Os-Marathon Achieves Robust Agent Benchmarking across 242 Long-Horizon Repetitive Tasks

Scientists are tackling the challenge of automating long, repetitive digital workflows , common in tasks like expense report processing and data entry. Jing Wu, Daphne Barretto (Microsoft), and Yiye Chen (Georgia Institute of Technology), alongside colleagues including Nicholas Gydé, Yanan Jian and Yuhang He, recognised a critical lack of standardised testing for Computer-Use Agents (CUAs) designed for these scenarios. To address this, they’ve created OS-Marathon, a benchmark comprising 242 tasks across two domains, allowing rigorous evaluation of current state-of-the-art agents. Significantly, the team also developed a remarkably efficient teaching method , using just a few examples , to enable agents to learn and then effectively handle much larger, previously unseen datasets, demonstrating a pathway towards truly scalable automation.

Significantly, the team also developed a remarkably efficient teaching method, using just a few examples, to enable agents to learn and then effectively handle much larger, previously unseen datasets, demonstrating a pathway towards truly scalable automation.
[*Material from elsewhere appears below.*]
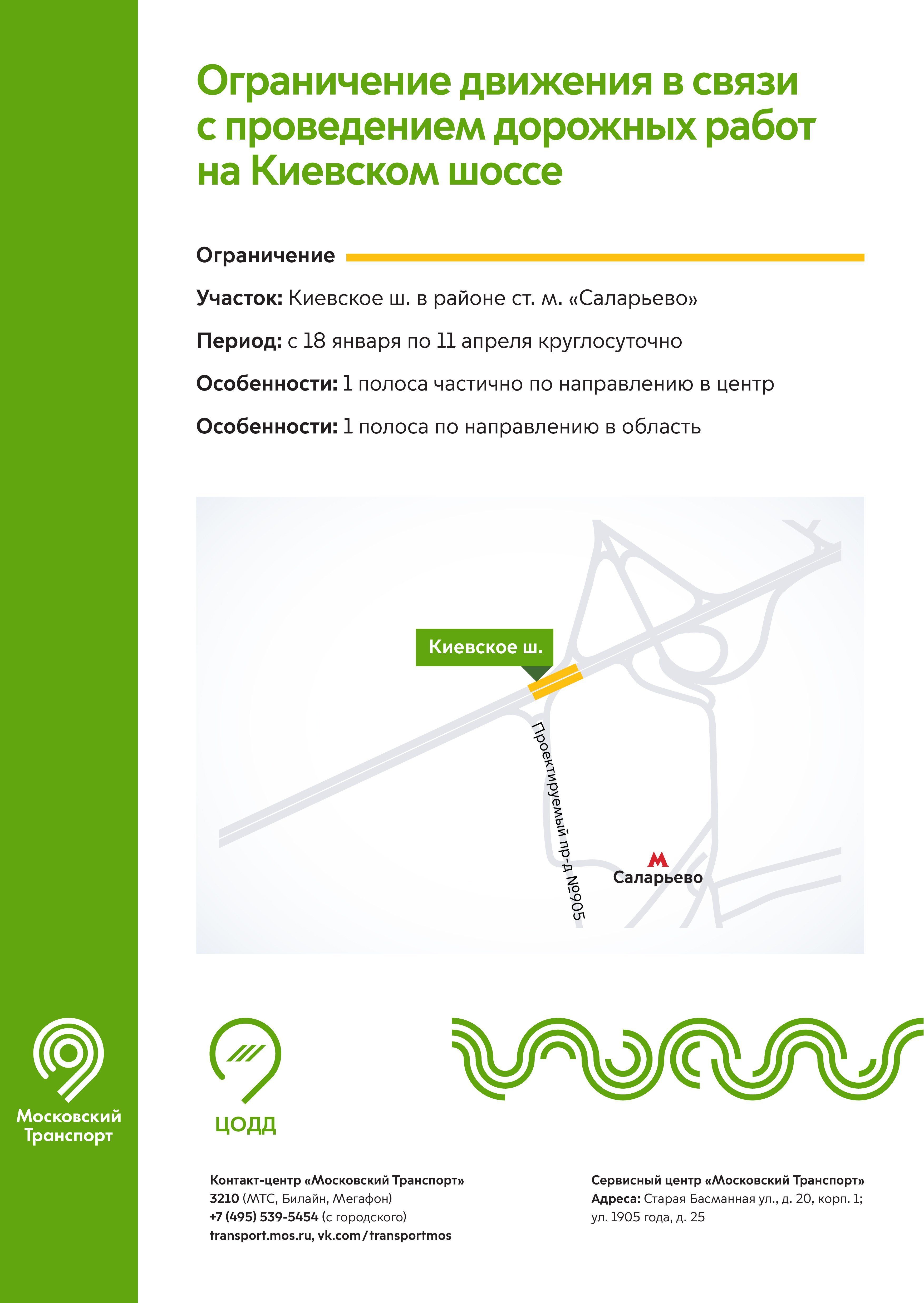 С 18 января по 11 апреля ограничено движение на Киевском шоссе в районе станции метро «Саларьево» по одной полосе в обоих направлениях. На этом участке проводятся дорожные работы.
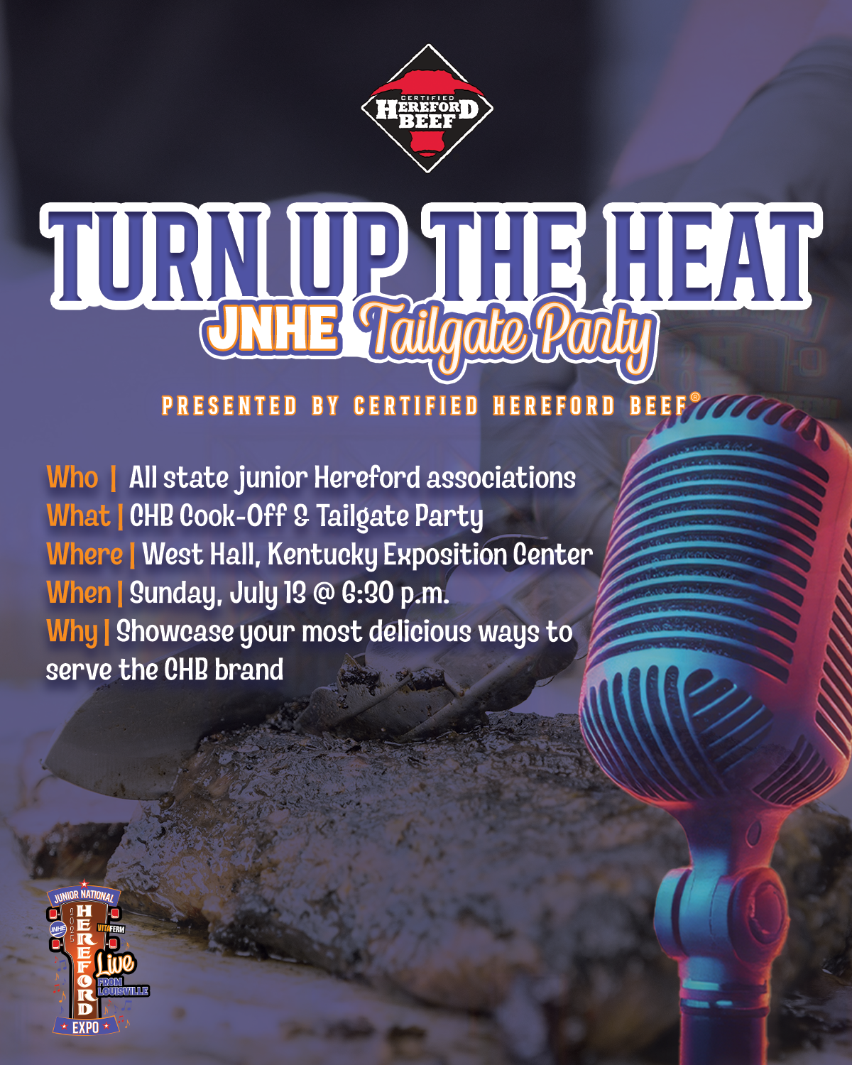Hey junior Hereford associations — it’s time to rally your teams and bring your A-game to the most mouthwatering event of the summer. We're turning up the heat at this year's JNHE Tailgate Party, and thanks to our amazing friends at Certified Hereford Beef® (CHB), your state gets to show off its best beef-cooking skills in a live CHB Cook-Off.

OS-Marathon benchmark for long-horizon agent evaluation is challenging

These tasks, mirroring common professional workflows like expense report processing and student grade entry, present a significant challenge due to their extended duration and structured, recurring sub-workflows. Consequently, they designed OS-Marathon to specifically address this limitation, offering a standardised platform for assessing long-horizon performance. This innovative approach circumvents the limitations of directly integrating lengthy workflows into current CUAs due to context length restrictions. Experiments reveal inherent difficulties for existing agents, including logical incoherence in task ordering, action planning hallucinations, and a struggle to maintain consistency across repetitive sub-workflows.
The team discovered agents frequently execute tasks illogically or attempt actions without grounding them in the current workflow state, leading to failures. This strategy provides dual-level instruction, guiding agents in both global planning, orchestrating the repetitive loop, and sub-workflow execution, mastering the fundamental logic of each step. By abstracting workflows into key steps, the method enables state-of-the-art agents to adapt efficiently to larger, unseen data collections. The work establishes a formal definition for long-horizon, repetitive CUA tasks and introduces a benchmark spanning expense reporting and transcript processing domains, utilising seven distinct execution environments.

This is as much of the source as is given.